Любопытно, что поэты с большой долей своеволия легче всего приходят к традиционному стиху и традиционной, до них отработанной мысли. В просторечии это часто называется «простотой». Ведь «простота» – это не понятие, и ей ничего, в сущности, не соответствует в рядах со знаком плюс.

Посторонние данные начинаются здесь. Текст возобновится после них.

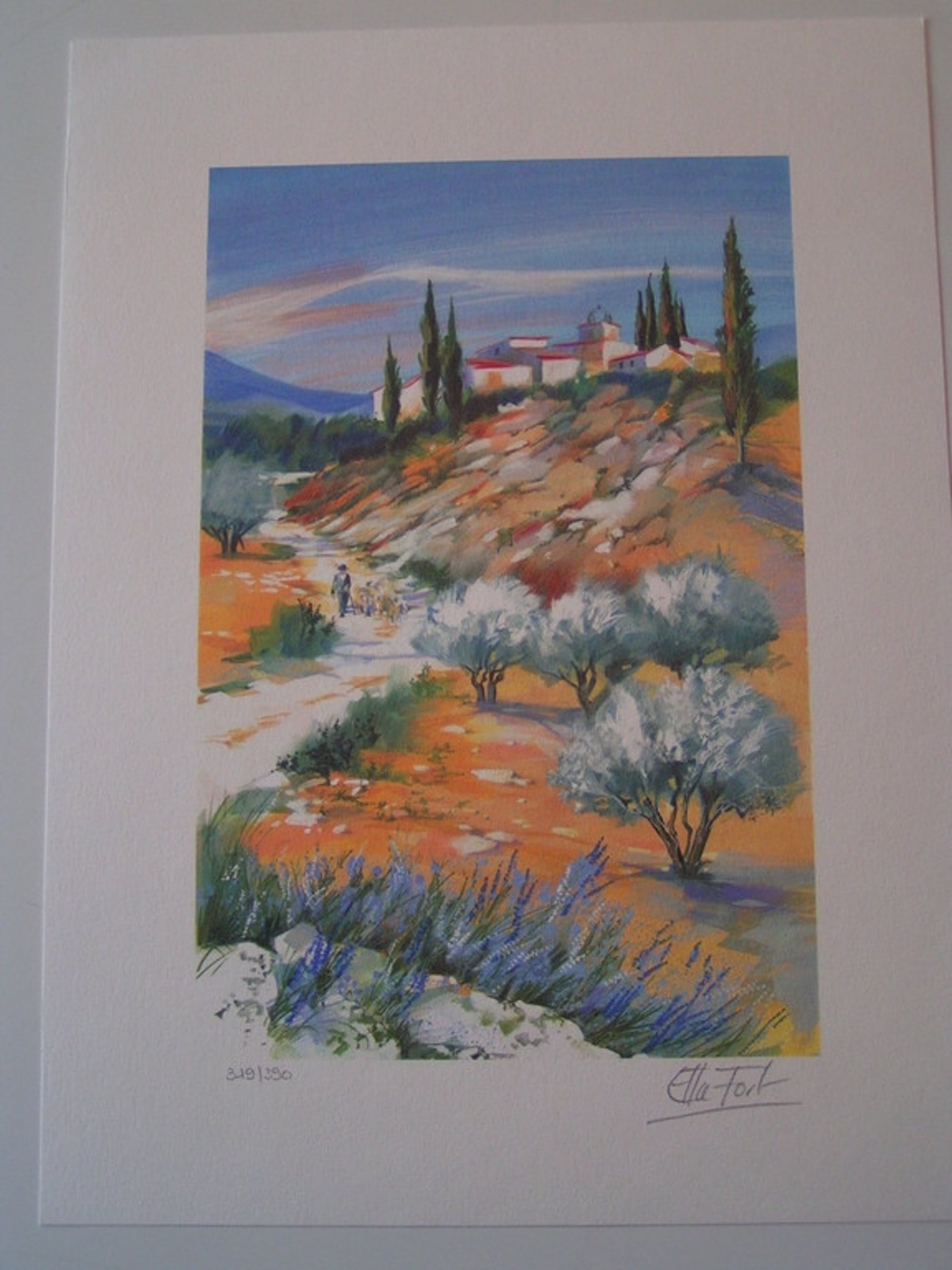 Kleurenlithographie, linksonder in potlood genummerd 319/390 rechtsonder in potlood gesigneerd "Ella Fort".

Она влечет за собой только элементы отрицательного ряда: обеднение структуры – внутренней и внешней, отказ от многоплановости и от основных свойств языка и мысли: их метафоричности и символики.

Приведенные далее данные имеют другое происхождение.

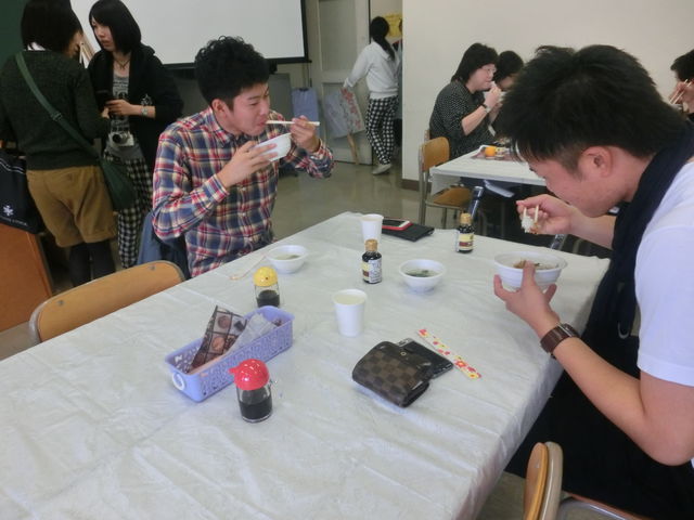 司会役の二年生も、昼休憩に「しらす丼」を頬張っていました。二日間とも終日、司会業務を行うそうです。

«Простота» – это забота о потребителе, то есть читателе, редакторе, цензоре и особенно о начальниках, которые так не любят утруждать себя излишними глубинами, если они не связаны с их прямыми начальственными функциями. «Простота» – это, скорее всего, синоним понятности, то есть набора готовых элементов, уже угнездившихся в человеческом сознании [17] . Улягутся какие-то вещи в человеческом мозгу и живут там. Вот им и кажется через сто лет, что Пушкин стал им понятен. Поскребите эту понятность и то, что называется моим Пушкиным, и найдете такое, от чего не поздоровится. «Пишите просто, как Пушкин» – идиотское изобретенье лентяев, которые и самого Пушкина не понимают и дико бы взвыли, если бы пришел новый Пушкин.
Прямизна мысли, ахматовской, например, тоже иногда кажется «простотой», но это совсем не то и только случайно совпадает с ней в одном свойстве: доходчивости до читателя – в искалеченном, конечно, и упрощенном виде. И чаще, кстати говоря, отпугивает, потому что в ахматовской мысли всегда присутствует анализ, основное структурное начало ее мышления. Этого я никак бы не могла сказать про Мандельштама, тоже человека высокологического, но отличающегося целостным миропониманием и иерархической системой идей.

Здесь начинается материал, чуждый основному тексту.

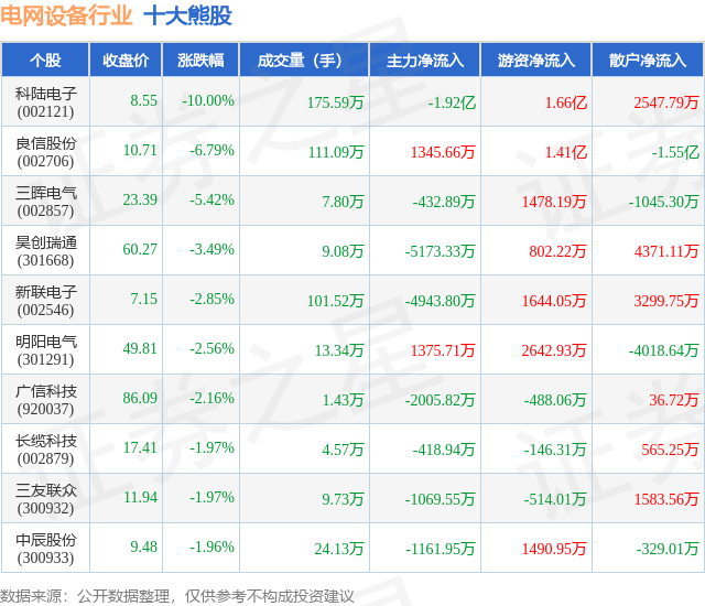 个股表现方面,电网设备行业当日领跌股为科陆电子(002121),该股当日报收8.55,下跌10.0%,成交量175.59万,主力资金净流出1.92亿元。良信股份(002706)以下跌6.79%紧随其后,该股当日成交量111.09万,主力资金净流入1345.66万元。除此之外,三晖电气(002857)、昊创瑞通(301668)、新联电子(002546)均进入当日熊股之列。具体个股列表见下表:

Найденное слово (своеволие) помогло нам осознать смысл свободы. Общество только тогда устойчиво, когда оно основано на вечном нравственном порядке и этот нравственный порядок не может быть уничтожен никакими гражданскими законами и обычаями. Коллективный разум легко поддается гипнозу слов и гипнозу идей. Целые общества бывают одержимы гипнозом при служении религиозным, политическим и социальным идеям.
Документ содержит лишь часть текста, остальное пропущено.